In the entries below, begin at the line that has "Happy young female", stop after the line that has "在物理常识中,红外光可利用其", and output those lines exactly with no pictures.

RECORDED DATA -
---
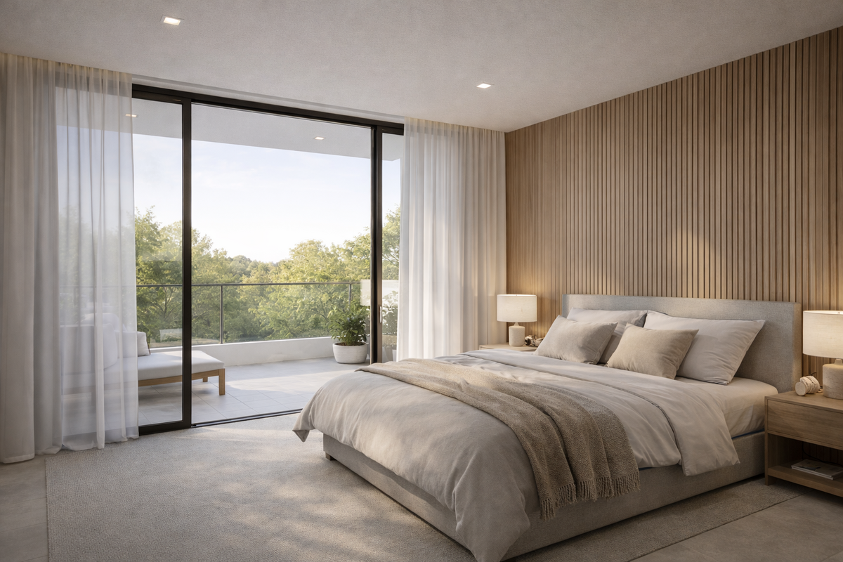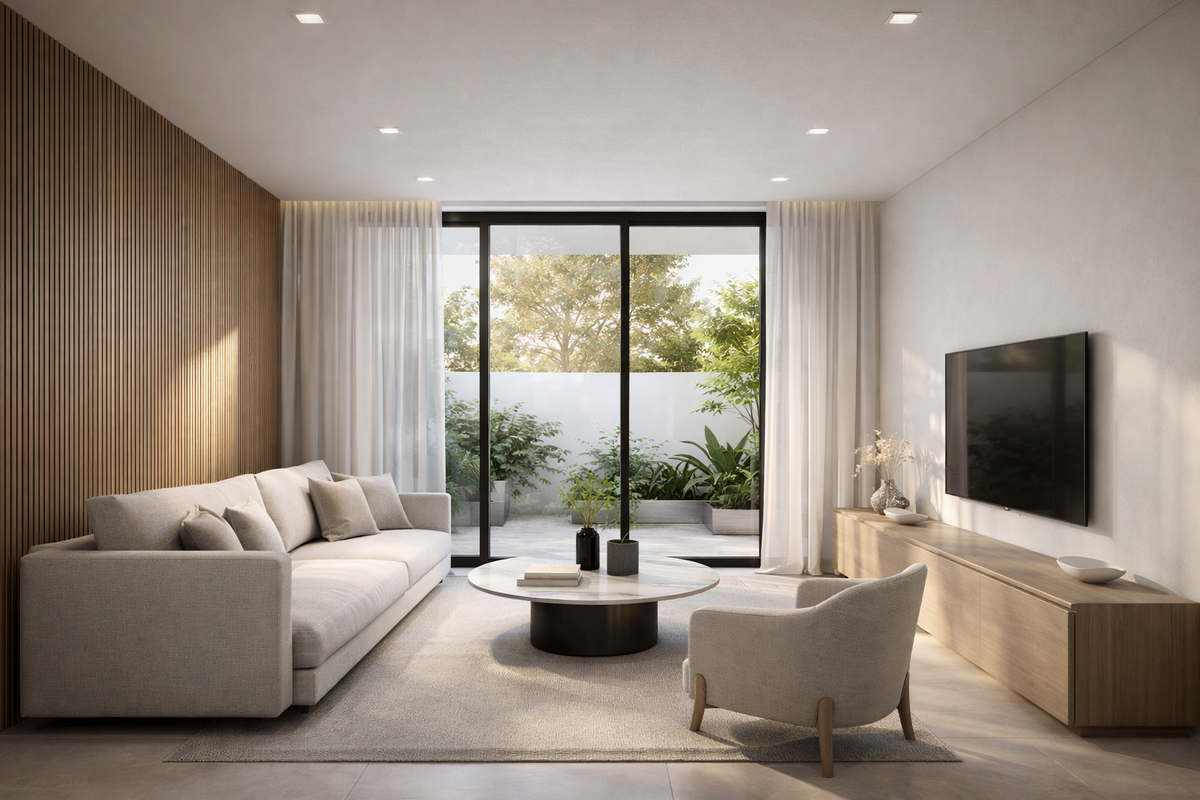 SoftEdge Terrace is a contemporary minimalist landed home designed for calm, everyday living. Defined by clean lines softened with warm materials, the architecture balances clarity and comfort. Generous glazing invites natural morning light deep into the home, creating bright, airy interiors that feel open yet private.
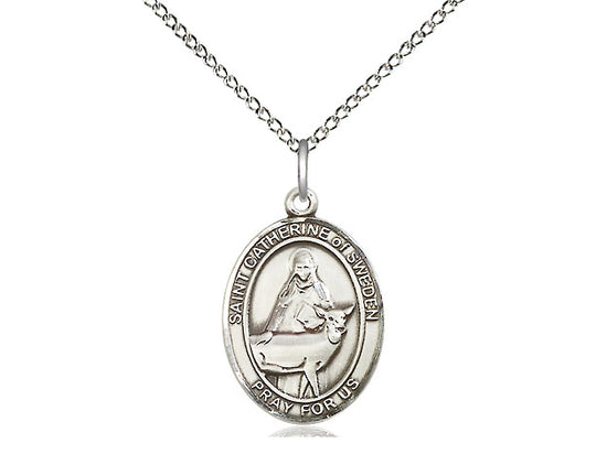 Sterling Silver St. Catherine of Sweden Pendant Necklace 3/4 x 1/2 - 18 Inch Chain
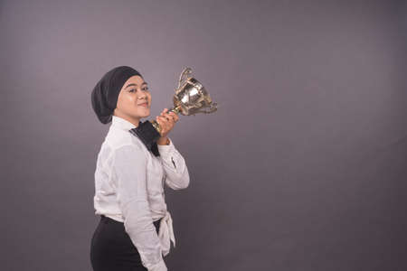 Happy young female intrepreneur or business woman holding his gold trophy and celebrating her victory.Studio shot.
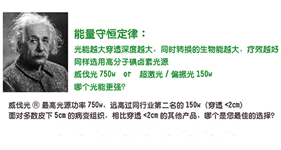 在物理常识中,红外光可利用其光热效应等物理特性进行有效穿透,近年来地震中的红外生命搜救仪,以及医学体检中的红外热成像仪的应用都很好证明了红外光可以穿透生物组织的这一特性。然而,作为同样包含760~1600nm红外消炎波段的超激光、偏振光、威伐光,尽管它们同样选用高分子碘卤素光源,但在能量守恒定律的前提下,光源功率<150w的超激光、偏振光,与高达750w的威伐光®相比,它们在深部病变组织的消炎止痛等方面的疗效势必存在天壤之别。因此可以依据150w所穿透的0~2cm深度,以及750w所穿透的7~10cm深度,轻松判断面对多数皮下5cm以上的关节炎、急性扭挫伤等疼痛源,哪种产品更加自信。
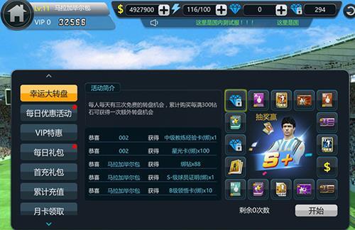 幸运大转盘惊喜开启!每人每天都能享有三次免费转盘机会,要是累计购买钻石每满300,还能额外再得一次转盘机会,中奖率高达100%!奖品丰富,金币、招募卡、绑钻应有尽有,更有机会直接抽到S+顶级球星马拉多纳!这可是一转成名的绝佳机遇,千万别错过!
---
SOLVED EXERCISE -
 Happy young female intrepreneur or business woman holding his gold trophy and celebrating her victory.Studio shot.
 在物理常识中,红外光可利用其光热效应等物理特性进行有效穿透,近年来地震中的红外生命搜救仪,以及医学体检中的红外热成像仪的应用都很好证明了红外光可以穿透生物组织的这一特性。然而,作为同样包含760~1600nm红外消炎波段的超激光、偏振光、威伐光,尽管它们同样选用高分子碘卤素光源,但在能量守恒定律的前提下,光源功率<150w的超激光、偏振光,与高达750w的威伐光®相比,它们在深部病变组织的消炎止痛等方面的疗效势必存在天壤之别。因此可以依据150w所穿透的0~2cm深度,以及750w所穿透的7~10cm深度,轻松判断面对多数皮下5cm以上的关节炎、急性扭挫伤等疼痛源,哪种产品更加自信。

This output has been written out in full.